His seriousness and asceticism appear to fit Millon’s description of the compulsive personality. For example, “Compulsives are contemptuous of those who behave ‘frivolously and impulsively’; emotional behavior is considered immature and irresponsible... They tend to minimize the importance of recreational and leisure activities... Most restrain warm and affectionate feelings” (1996, pp. 515–516; 518). Compulsives are serious in demeanor, rigid in their thinking, and cold in relationships. This describes bin Laden’s interactions with his family.
Alternatively, bin Laden’s austerity may have been a result of a masochistic personality. Masochistic traits include a “self-effacing and unpresuming manner” and being “reluctant to seek pleasurable experiences.” For such people, “There is a taboo on most forms of enjoyment and self-enhancement” (Millon, 1996, pp. 584–585). Whether we understand bin Laden’s asceticism as a product of compulsive or masochistic traits, or a combination of them, by themselves these do not account for his murderous violence. In fact, because compulsives tend to be moralistic and rule-abiding, they may seem particularly unlikely to engage in violent, criminal behavior.
When compulsive traits mix with paranoid traits, however, this creates what Millon calls the “puritanical compulsive.” Such people are notable for “distinct features of the paranoid personality, including bigoted, dogmatic, and zealous characteristics.” They also are prone to “ascetic and austere lifestyles” (Millon, 1996, p. 520). In addition, paranoids tend to “desensitize their tender and affectionate feelings. They become hard, unyielding, immune, and insensitive to the suffering of others” (Millon, 1996, p. 704). This was bin Laden. And because such people see themselves as righteous, they feel justified in doling out punishment:
Not only must they prove others to be wrong and immoral, but they judge them as deserving punishment.
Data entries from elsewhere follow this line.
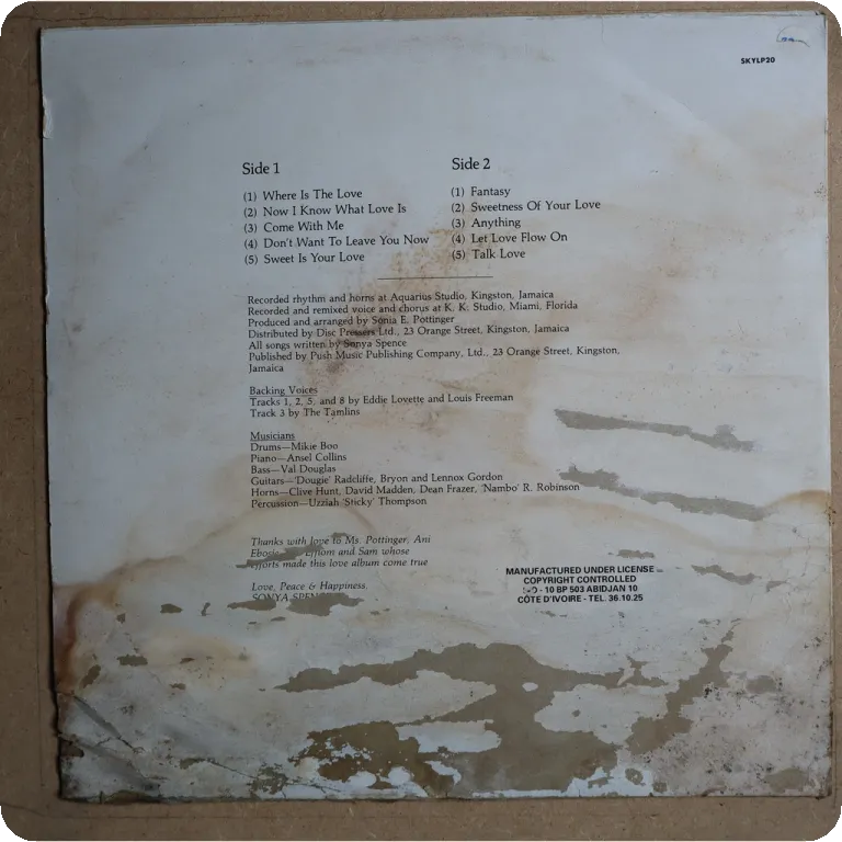 All times classic Southern soul breaks on "I'm your puppet" on this consistent 60's soul ballads & hard soul masterpiece recorded in Muscle Shoals, Alabama. Sleeve has large peel off & light brown water damage along top back, smaller peel off & light brown water damage wear along bottom back, some paper stuck, some light brown water damage wear on front as well. Record plays with minor noise only and has numerous thin marks.
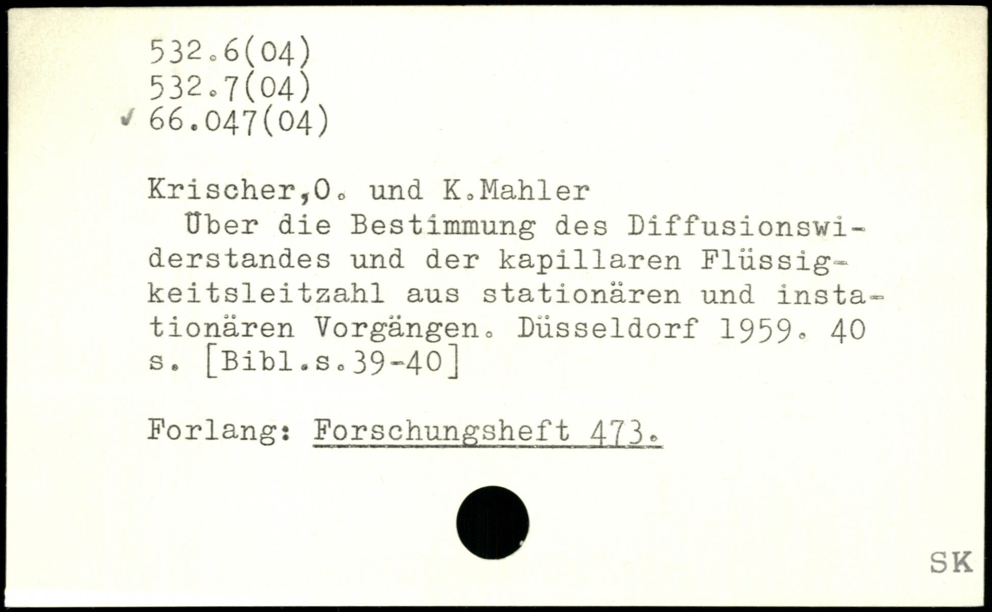 Uber die Bestimmung des Diffusionswiderstandes und der kapillaren Flüssig-keitsleitzahl aus stationären und instationären Vorgängeno Düsseldorf 1959
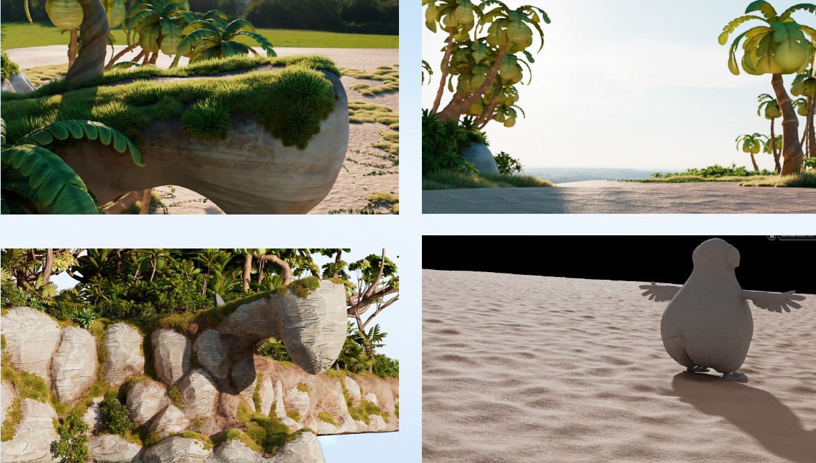 “Among the various R&D experiments linked to this project, we created a Frustum system to remove the groom from parts not visible from the camera, as well as an automatic groom writing programme, with different quality levels depending on the distance of the dodos from the camera. We also set up an instancing system to create backgrounds with lots of plants and large crowds of dodos, while working on sand simulation with our characters.”

Because others are seen as sinners and perpetrators of immoral acts, they can justly be condemned without guilt. Justice requires a punitive attitude; morality sanctions it (Millon, 1996, p. 521).
The paranoid personality is noted for pervasive suspiciousness in which “innocuous events are construed as signifying hidden or conspiratorial intent” (Millon, 1996, p. 702). This conspiracy-minded view of the world was at the heart of bin Laden’s ideology.
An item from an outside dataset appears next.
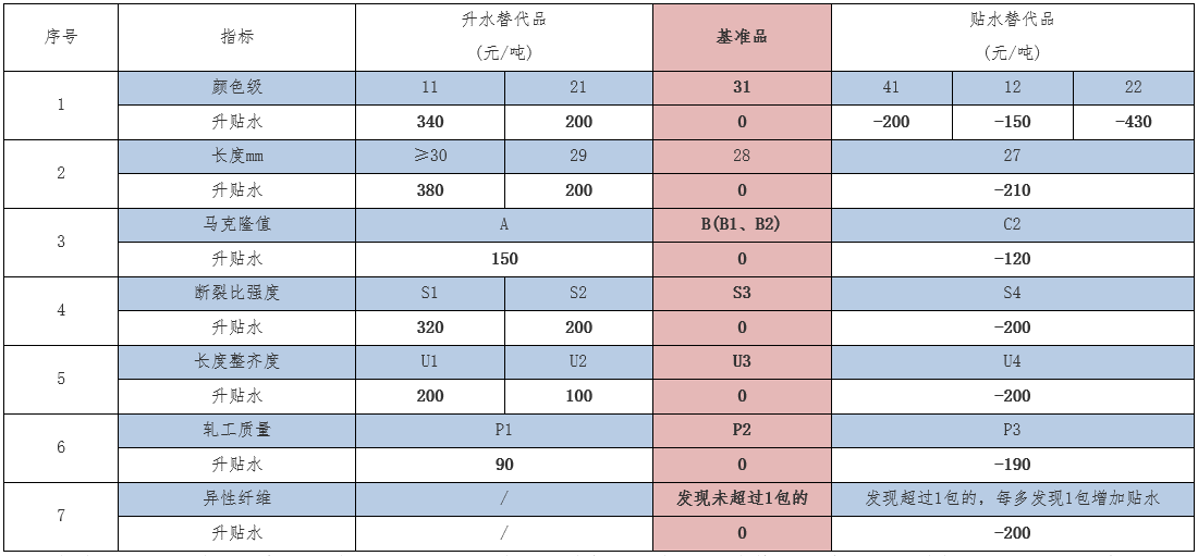 經(jīng)研究決定,現(xiàn)對(duì)棉花期貨替代交割品升貼水調(diào)整公告如下(見(jiàn)下表),自2020/21年度生產(chǎn)的棉花開(kāi)始實(shí)施。
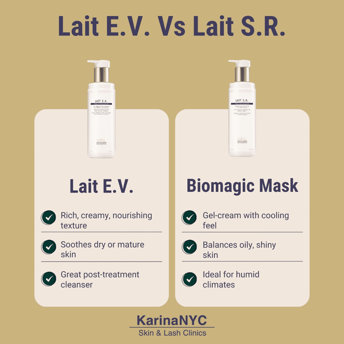 Lait E.V. is ideal for dry, mature, or dehydrated skin; Lait S.R. works best for oily, congested, or combination skin.

Bin Laden also displayed characteristics of a sadistic personality, including “a broad-ranging social intolerance and prejudice, especially toward envied or derogated social groups, ethnic, racial, or otherwise” (Millon, 1996, p. 485). This was apparent in his attitudes toward Jews, Christians, and Americans. Besides intense bigotry, sadists “behave as if the softer emotions were tinged with poison” (Millon, 1996, p. 483).
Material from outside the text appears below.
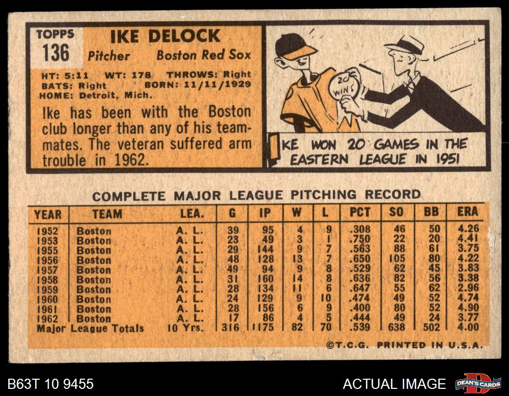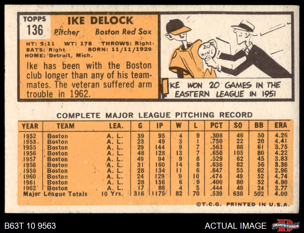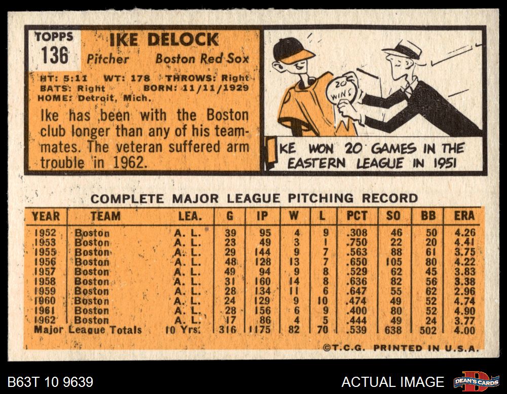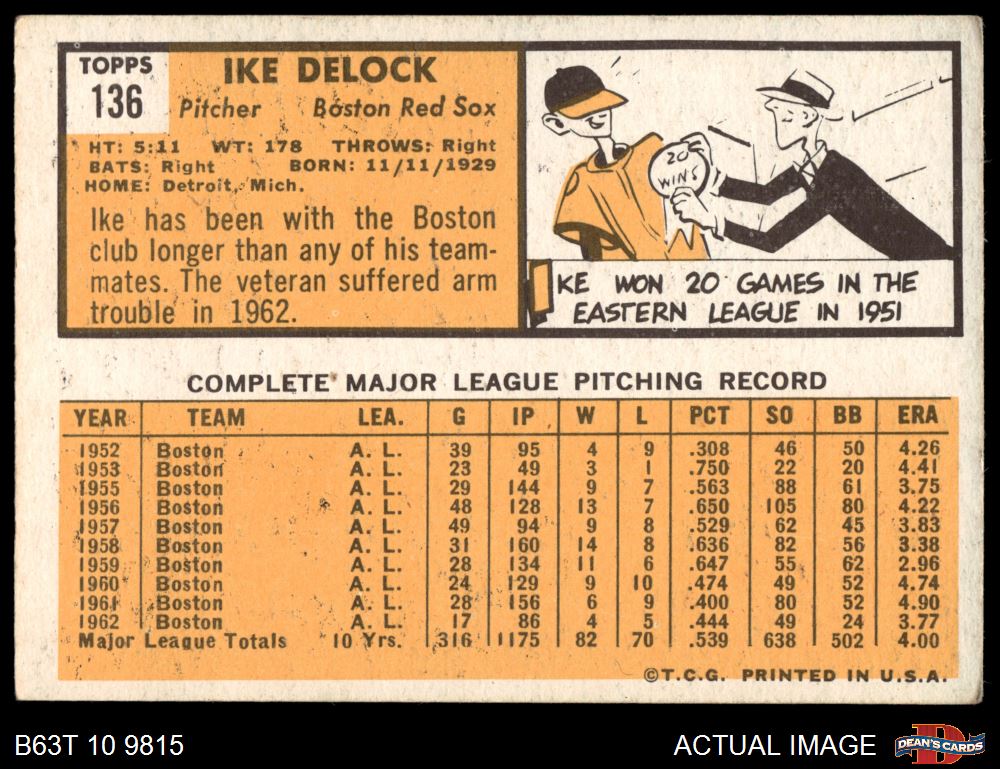 1963 Topps #136 Ike Delock

In addition, sadistic personalities seek to dominate the people in their lives: “their spouses and children are perceived as objects devoid of human feeling and sensibility” (Millon, 1996, p. 485). Besides making them suffer, bin Laden desired to control his children completely. His son, Omar, reported these comments from his father:
My sons must be the fingers of my right hand. My thoughts must control your actions in the same manner my brain controls the movement of my limbs. My sons, your limbs should react to my thinking as though my brain was in your head (Sasson, 2012, p. 268).
Omar noted, “We were to be robots, in other words, without opinions or actions of our own” (Sasson, 2012, p. 268).
One subtype of the sadistic personality is what Millon called the “enforcing sadist.” This combines compulsive and sadistic traits, mixing the rigid moralism of the compulsive with the callousness of the sadist. Such people “feel they have the right to control and punish others, who know when rules have been broken, and how these violators should be dealt with, even violently and destructively” (Millon, 1996, p. 490).
At the personal level, the concept of the enforcing sadist illuminates bin Laden’s behavior within his family. Enforcing sadists view themselves as upholders of what is right. They use their socially sanctioned roles to “search out rule-breakers and perpetrators of incidental infractions,” “exercising whatever powers they possess to the most severe degree” (Millon, 1996, p. 490). Thus, bin Laden felt justified in beating his children for violating any of his rules or expectations, no matter how minor. As husband and father, he was socially authorized to enforce whatever standards of behavior he deemed appropriate. He took this power to the extreme, making his family suffer and justifying it as being for their own good. In addition, for enforcing sadists:
The more they discharge their hostility and exercise their wills, the more they display their dominance and feed their sadistic urges, the more they feel justified in venting their anger. Power has gone to their heads. Many begin to dehumanize their victims, further enlarging the sphere and intensity of their aggressive destructiveness (1996, p. 490).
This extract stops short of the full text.